Strip the pictures, then copy the remaining data exactly as it stands.

> _INFORMATION SHOWN_:

-=-=-

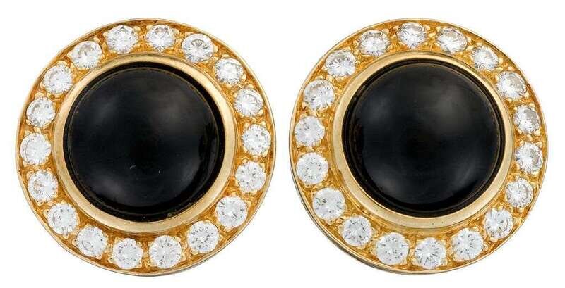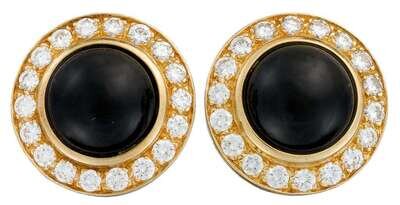 each centering a cabochon onyx, measuring approximately: 12.50mm, in a round brilliant-cut diamond surround; total diamond weight approximately: 2.00 carats.
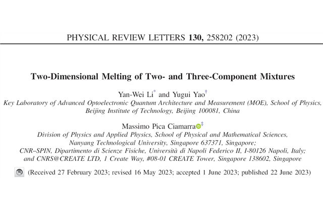 近日,北京理工大學物理學院李艷偉研究員、姚裕貴教授同新加坡南洋理工大學...
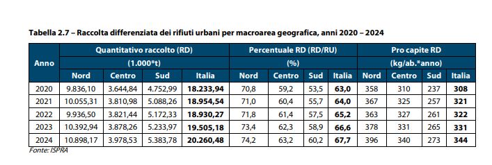 Il divario territoriale resta evidente. Il Nord Italia è il motore della raccolta differenziata, con una media del 74,2%, grazie a impianti moderni e sistemi di raccolta capillari. Il Centro si ferma al 63,2%, mentre il Sud è al 60,2%, pur mostrando segnali di miglioramento. Alcune regioni meridionali, come la Sicilia, sono ancora sotto il 55%, penalizzate da carenze impiantistiche e organizzative.

-=-=-

> _TASK OUTPUT_:
 each centering a cabochon onyx, measuring approximately: 12.50mm, in a round brilliant-cut diamond surround; total diamond weight approximately: 2.00 carats.
 近日,北京理工大學物理學院李艷偉研究員、姚裕貴教授同新加坡南洋理工大學...
 Il divario territoriale resta evidente. Il Nord Italia è il motore della raccolta differenziata, con una media del 74,2%, grazie a impianti moderni e sistemi di raccolta capillari. Il Centro si ferma al 63,2%, mentre il Sud è al 60,2%, pur mostrando segnali di miglioramento. Alcune regioni meridionali, come la Sicilia, sono ancora sotto il 55%, penalizzate da carenze impiantistiche e organizzative.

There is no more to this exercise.